孟蜀无言地呆坐了良久,忽然腾地站起来,双眼闪著凶光问:“是谁干的?”以他的个性与本事,区小妹只要说出仇人的姓名,对方面临的立刻就是灭门之灾。
区小妹用丈夫递来的手捐抹去滑下的泪水,反问:“你以为我这九百年在做什麽?我会让杀女儿的仇人活到现在吗?”
区小妹的个性堪称坚忍,在痛失女儿之後,先是躲起来苦加修炼,一直过了五百多年才重新出山,开始对当年的仇家个个击破。时隔几百年,那些仇人有的已经远走他乡,有的甚至已经不在人世,可是区小妹不论天高地远,只要仇人还有一口气在,她便要找上门去,最後终於在立新市击杀最後一个敌人,也就是因此而认识了立新市的地头狼刘地……
田尤俊已经听她说了一遍这段往事,可是现在再听,还是忍不住陪她掉泪,哭得唏哩哗啦的。反而是区小妹自己已经放下这些恩恩怨怨,对孟蜀说:“孟蜀,女儿出生的时候你不在旁边,女儿被追杀的时候你毫不过问,女儿死的时候你不知情,为女儿报仇也与你无关,你一份力也没有出,所以那个孩子其实与你没有什麽关系,这才是我不愿意告诉妳的真正原因,对你而言,不知道这个孩子的存在更好一些,不是吗……”

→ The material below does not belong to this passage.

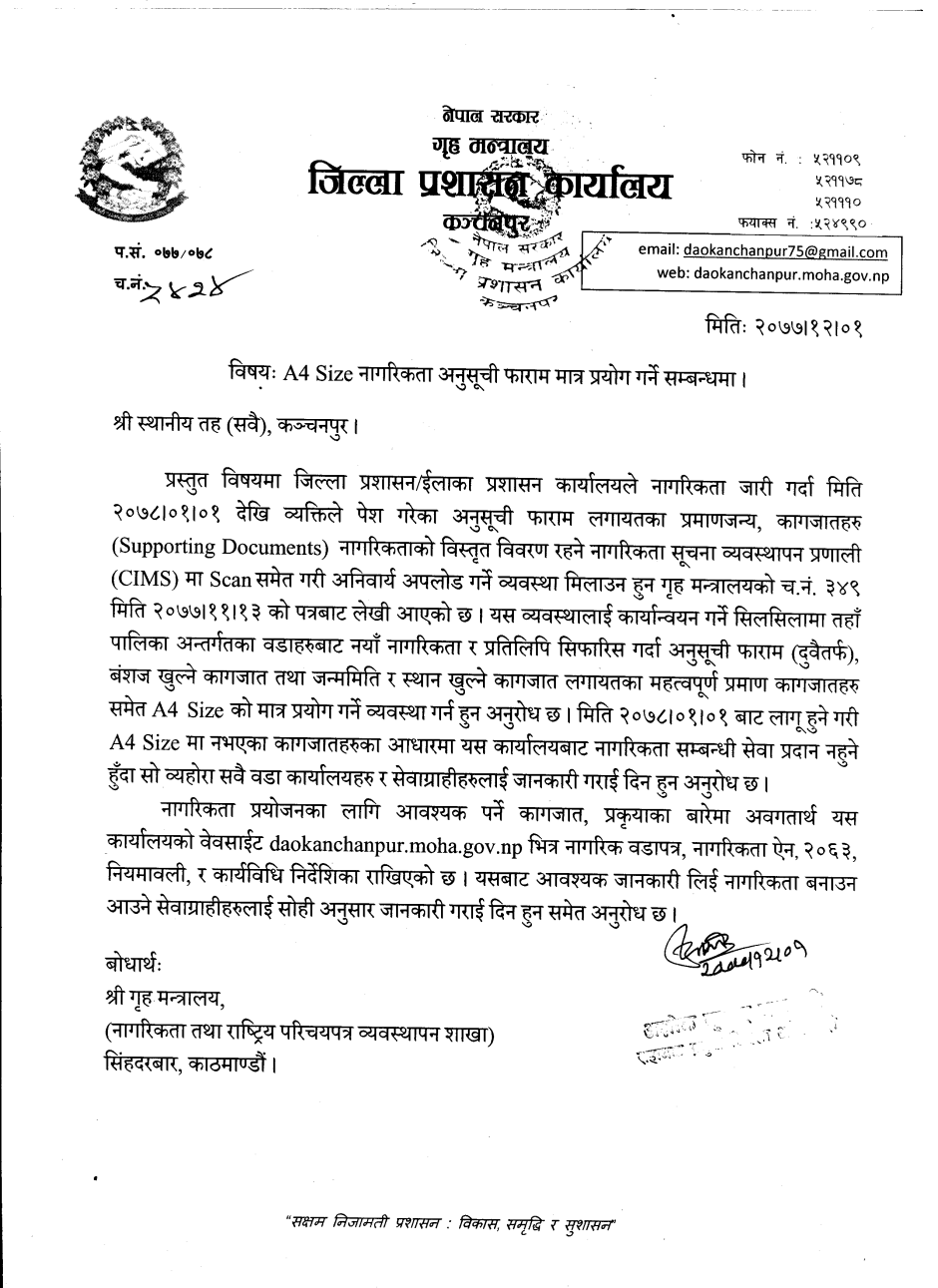 A4 Size नागरिकता अनुसुची फाराम मात्र प्रयोग गर्ने सम्बन्धमा ।

孟蜀又沉默了良久,长叹一声站了起来,拖著步子走向门口,到了门口又回头说:“如果有什麽事用得著我,你们尽管开口,我保证以後不会再打扰你们的生活了……”说完,穿门而去。
田尤俊长长呼出了口气,为妻子抹抹眼泪:“好了,反正今天我已经请了假,咱们带宝宝去公园吧?”
区小妹白他一眼:“这回放心了?”
“呵呵呵……”
“你这个人啊,就是关键时刻装傻是一等一的厉害……”
“妈妈、妈妈……公园……老虎……啊呜……”
“走吧走吧,老婆,抱儿子去公园了,呵呵呵……”
(《区小妹的一天》完)
游乐场
“林睿,有人找你……”
林睿在同学的招呼声中抬头隔著窗户往外一看,那个人已经到了教室门口。他慢吞吞地站起来走了出去,嘴里还在嘟哝著:“真罗唆,又来干什麼……”
教室外站著的是林睿的表哥林立文。
林立文就读的高中就在林睿的小学附近,所以他不时就会溜达到这边来看看林睿,有时候给他带点零食,有时候就只说几句话,可是他对这个小表弟表现出的关心,就连林睿也不得不忍著心中的不耐烦应付。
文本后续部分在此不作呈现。